### Information provided

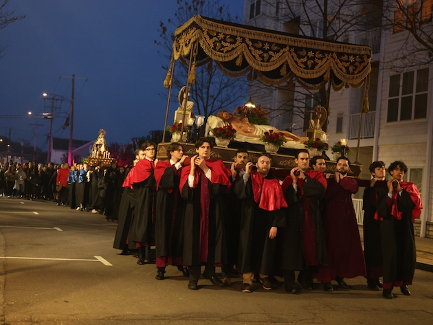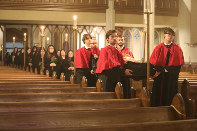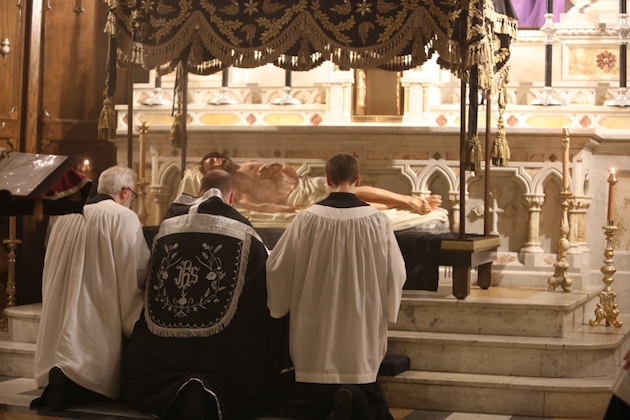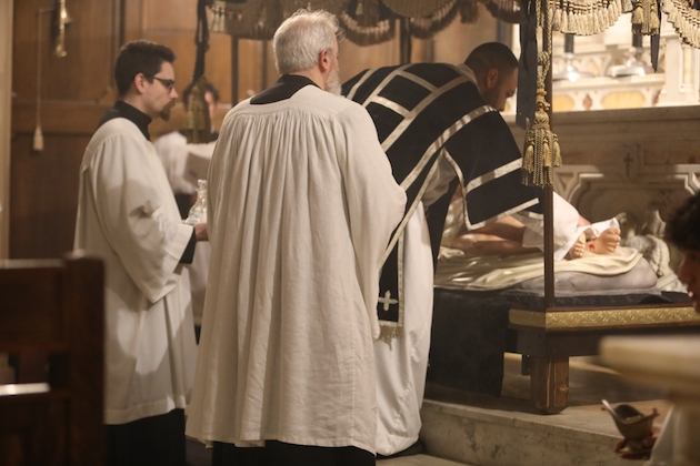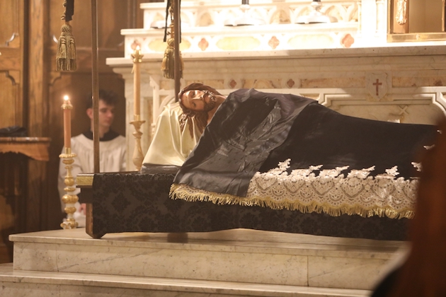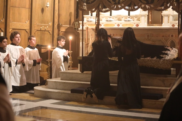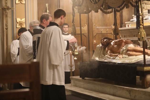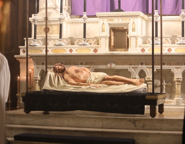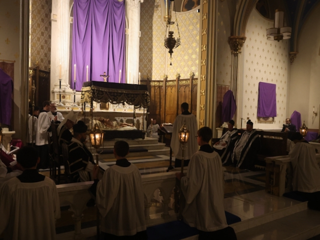 The bier of the Body of Christ is returned to the Church as the hymn “Vexilla Regis” is sung. It is placed before the high altar, whre is is ritually washed and buried by the clergy, as the choir sings the psalms and the Lamentations of Jeremiah from the first nocturn of the Office of Matins of Holy Saturday (From the program of the service).
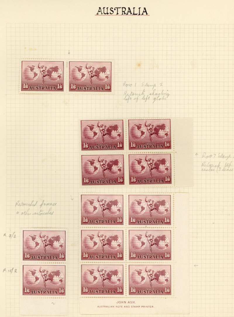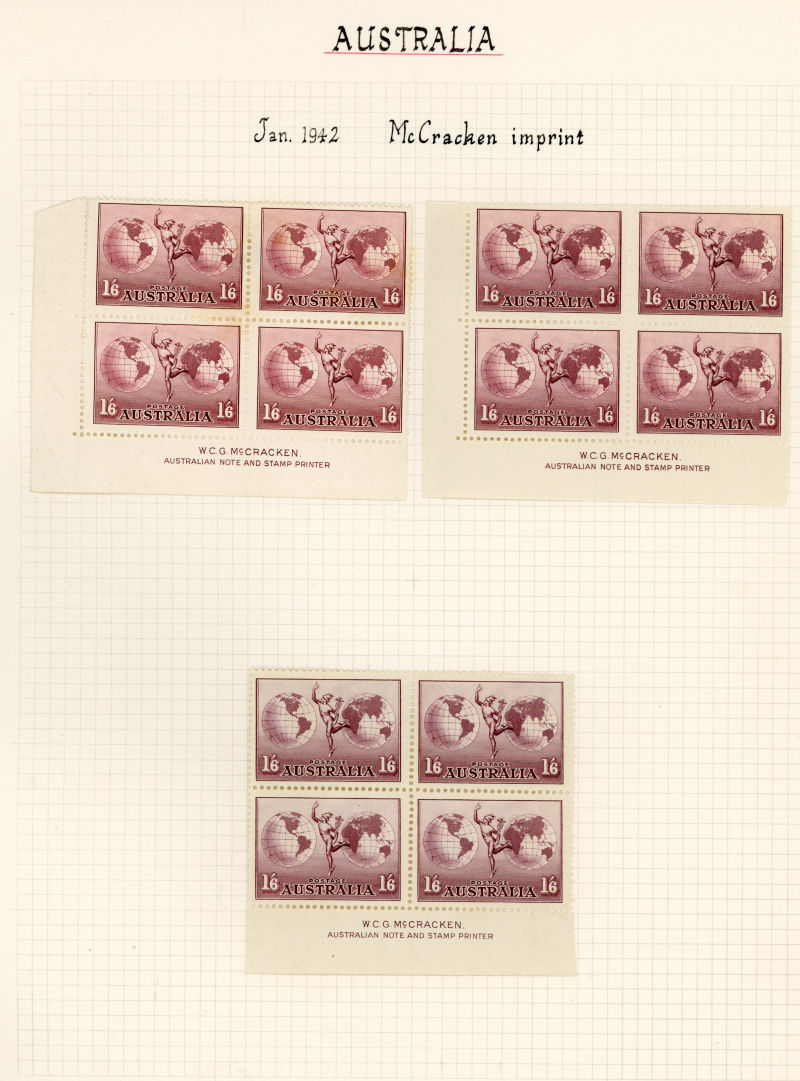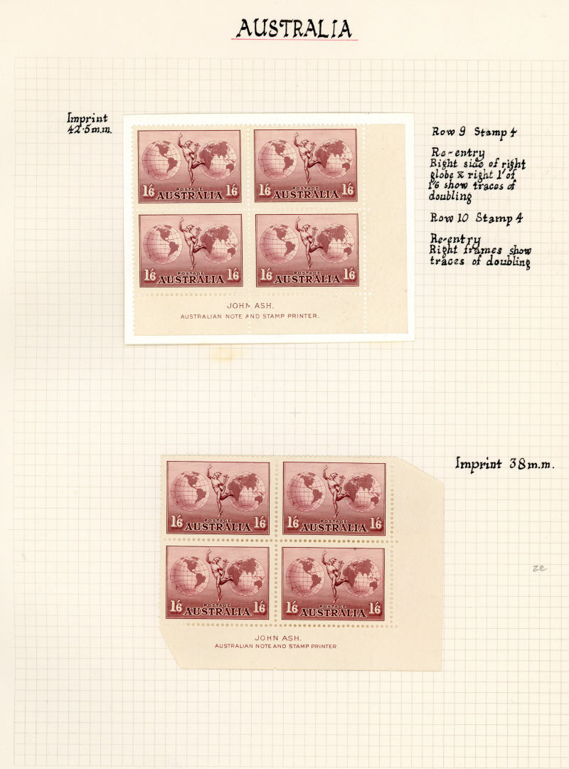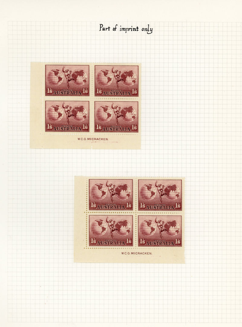 1/6d Hermes collection (79) mint with no watermark Ash imprint block, hinged on top pair only; watermarked chalky paper imprint blocks with listed varieties; further varieties, mostly listed; block printed on crudely-repaired paper, the printing
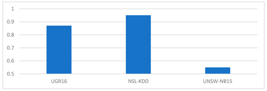 The results obtained from the training and validation of the proposed algorithm show that the NSL-KDD dataset offers a better accuracy, with 95.5%, compared to 87.68% of the UGR16 and 55.80% of the UNSW-NB15. These values are represented in Figure 3. It should be noted that the architecture of the neural network is the same for all datasets as described in Section 3.3.
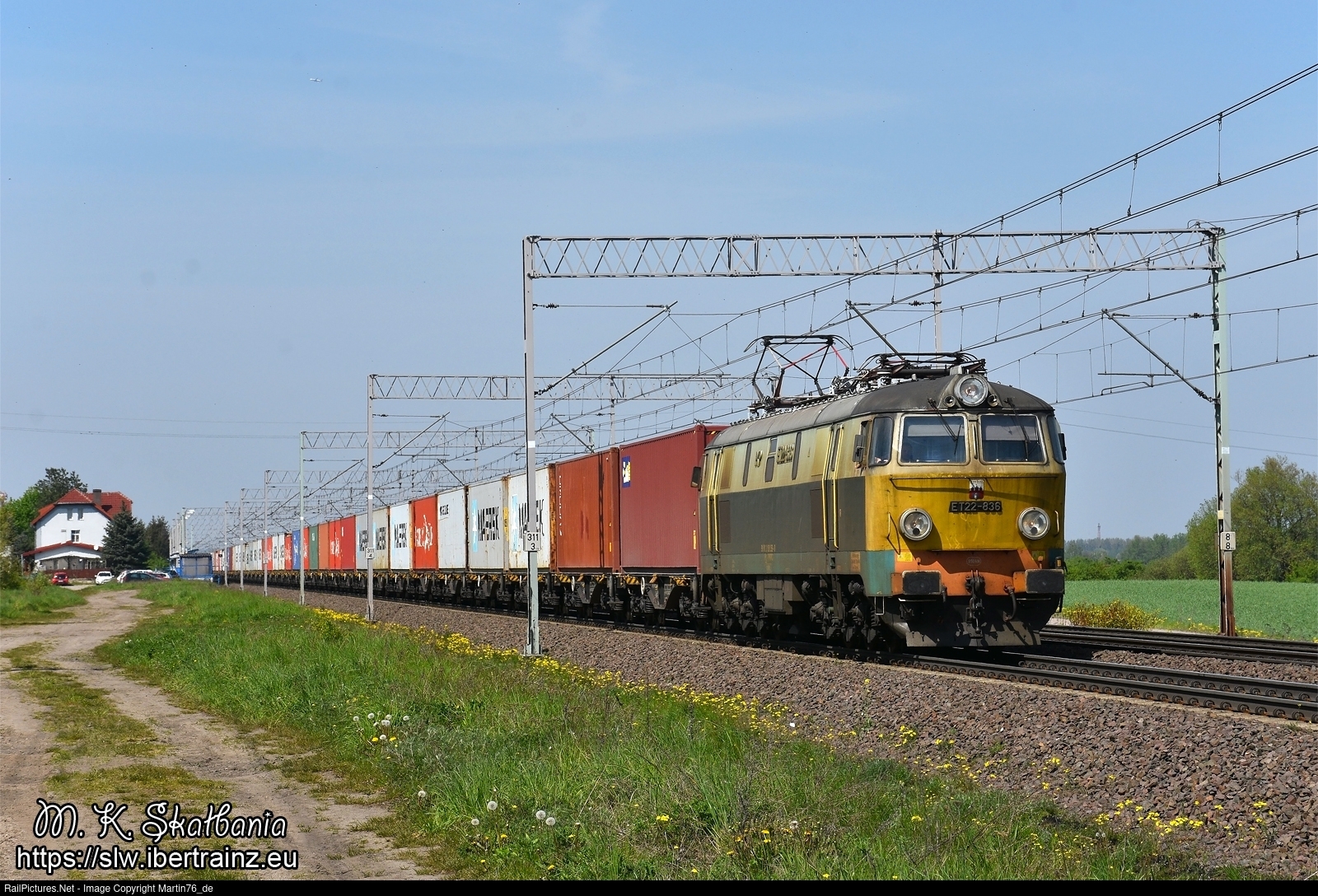 | The electric locomotive ET22-836 hauling a freight container train from Gdansk GPA to Slawków. |
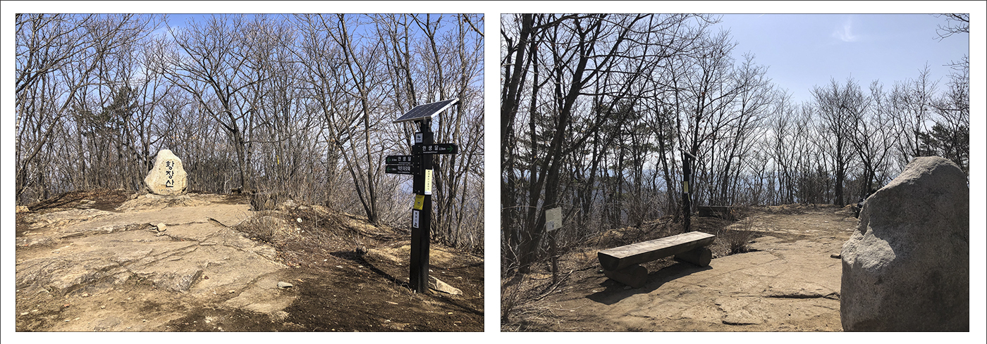 주차장에서 부터 근 2시간 남짓 산행을 해 정상에 도착했다. 정상석이 제법 크다
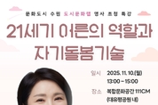 (경인미래신문=민경호 기자) 수원문화재단(대표이사 오영균)이 오는 10일 오후 1시 복합문화공간 111CM에서 심리학 전문가 이호선 교수를 초청해 시민 대상 인문심리 특강 '21세기 어른의 역할과 자기돌봄 기술'을 개최한다. 이번 강연은 문화도시 조성사업 중 ‘도시문화랩’의 일환으로 마련됐다. ‘도시문화랩’은 외로움, 고립 등 현대 도시의 사회적 문제를 문화적으로 완화하기 위한 프로젝트로, ‘서로를 살피고 문제에 맞서는 문화도시 수원’이라는 비전을 바탕으로 건강한 도시문화 형성을 위해 다양한 프로그램을 운영하는 사업이다. 11월 특강에서는 세대 간 이해, 올바른 상호 소통법, 마음건강 관리법 등을 다룰 예정이다. 이호선 교수는 숭실사이버대학교 교수이자 한국노인상담센터 센터장으로, JTBC '이혼숙려캠프', tvN '어쩌다 어른' 등 다수의 방송을 통해 대인관계와 심리 건강의 중요성을 알리며 대중적 신뢰를 쌓아온 심리학자다. 이번 강연에서는 급변하는 세대를 살아가는 어른으로서의 역할과 책임 그리고 스스로를 돌보며 건강하게 관계를 이어가는 방법을 심리학적으로 풀어낸다. 수원문화재단 관계자는 “이번 도시문화랩 명사초청 특강은 도시의 외로움을 완화하고 세대 간 관계
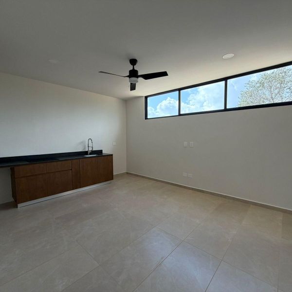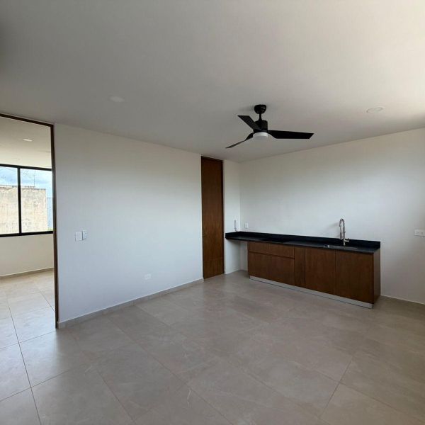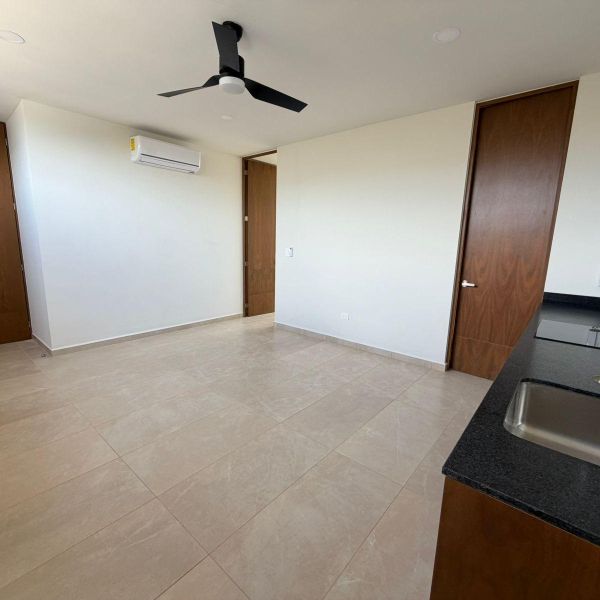 Departamento sin muebles, en el primer nivel de un complejo de departamentos, con control de acceso. Dentro de la colonia Temozón Norte; con fácil acceso a periférico, centros comerciales y universidades.
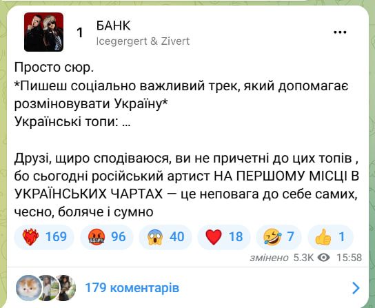 Просто сюр. Пишешь социально важный трек, который помогает разминировать Украину. Украинские топы... Друзья, искренне надеюсь, что вы не причастны к этим топам, потому что сегодня российский артист на первом месте в украинских чартах – это неуважение к самим себе, честно, больно и грустно,
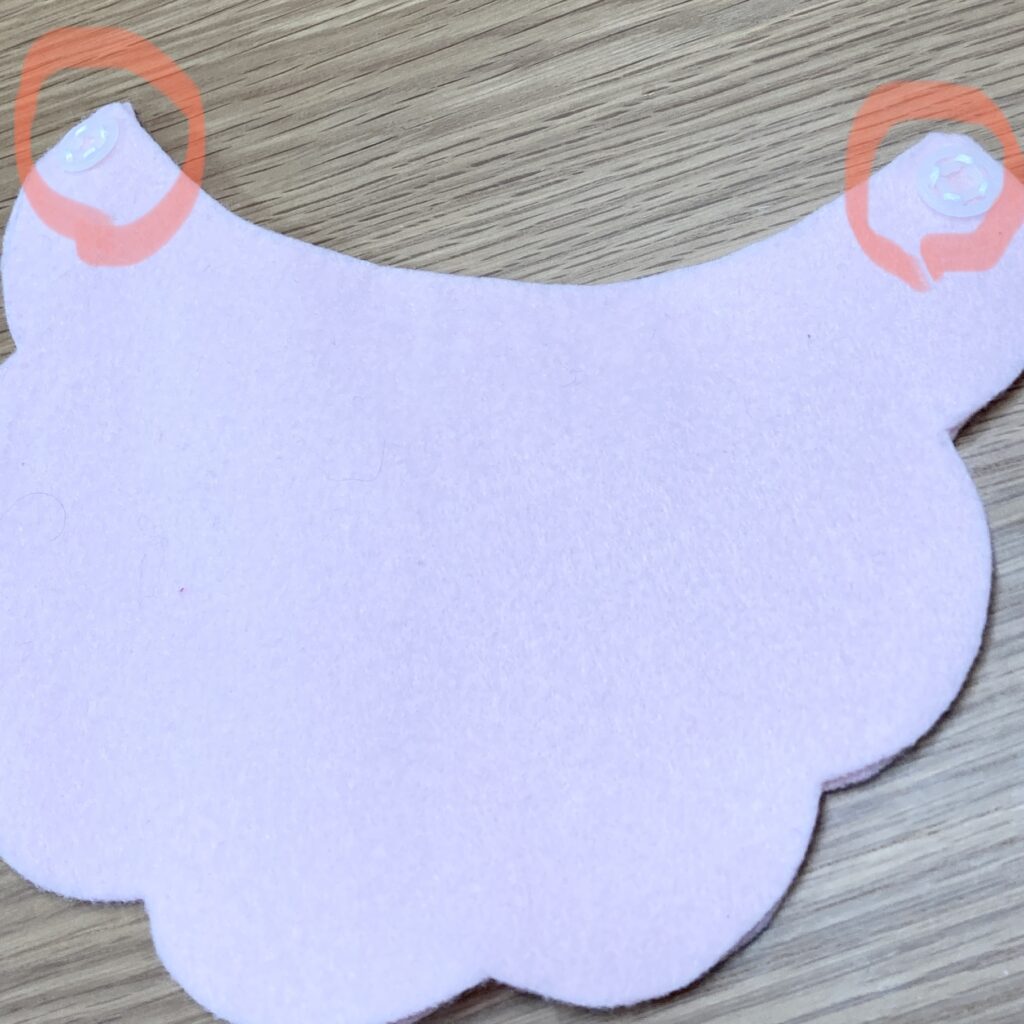 まずは、耳・フリル・よだれかけなどのパーツをフェルトで作ります。

### Problem
Restate the entries above word for word, minus the pictures.

### Your response
 The bier of the Body of Christ is returned to the Church as the hymn “Vexilla Regis” is sung. It is placed before the high altar, whre is is ritually washed and buried by the clergy, as the choir sings the psalms and the Lamentations of Jeremiah from the first nocturn of the Office of Matins of Holy Saturday (From the program of the service).
 1/6d Hermes collection (79) mint with no watermark Ash imprint block, hinged on top pair only; watermarked chalky paper imprint blocks with listed varieties; further varieties, mostly listed; block printed on crudely-repaired paper, the printing
 The results obtained from the training and validation of the proposed algorithm show that the NSL-KDD dataset offers a better accuracy, with 95.5%, compared to 87.68% of the UGR16 and 55.80% of the UNSW-NB15. These values are represented in Figure 3. It should be noted that the architecture of the neural network is the same for all datasets as described in Section 3.3.
 | The electric locomotive ET22-836 hauling a freight container train from Gdansk GPA to Slawków. |
 주차장에서 부터 근 2시간 남짓 산행을 해 정상에 도착했다. 정상석이 제법 크다
 (경인미래신문=민경호 기자) 수원문화재단(대표이사 오영균)이 오는 10일 오후 1시 복합문화공간 111CM에서 심리학 전문가 이호선 교수를 초청해 시민 대상 인문심리 특강 '21세기 어른의 역할과 자기돌봄 기술'을 개최한다. 이번 강연은 문화도시 조성사업 중 ‘도시문화랩’의 일환으로 마련됐다. ‘도시문화랩’은 외로움, 고립 등 현대 도시의 사회적 문제를 문화적으로 완화하기 위한 프로젝트로, ‘서로를 살피고 문제에 맞서는 문화도시 수원’이라는 비전을 바탕으로 건강한 도시문화 형성을 위해 다양한 프로그램을 운영하는 사업이다. 11월 특강에서는 세대 간 이해, 올바른 상호 소통법, 마음건강 관리법 등을 다룰 예정이다. 이호선 교수는 숭실사이버대학교 교수이자 한국노인상담센터 센터장으로, JTBC '이혼숙려캠프', tvN '어쩌다 어른' 등 다수의 방송을 통해 대인관계와 심리 건강의 중요성을 알리며 대중적 신뢰를 쌓아온 심리학자다. 이번 강연에서는 급변하는 세대를 살아가는 어른으로서의 역할과 책임 그리고 스스로를 돌보며 건강하게 관계를 이어가는 방법을 심리학적으로 풀어낸다. 수원문화재단 관계자는 “이번 도시문화랩 명사초청 특강은 도시의 외로움을 완화하고 세대 간 관계
 Departamento sin muebles, en el primer nivel de un complejo de departamentos, con control de acceso. Dentro de la colonia Temozón Norte; con fácil acceso a periférico, centros comerciales y universidades.
 Просто сюр. Пишешь социально важный трек, который помогает разминировать Украину. Украинские топы... Друзья, искренне надеюсь, что вы не причастны к этим топам, потому что сегодня российский артист на первом месте в украинских чартах – это неуважение к самим себе, честно, больно и грустно,
 まずは、耳・フリル・よだれかけなどのパーツをフェルトで作ります。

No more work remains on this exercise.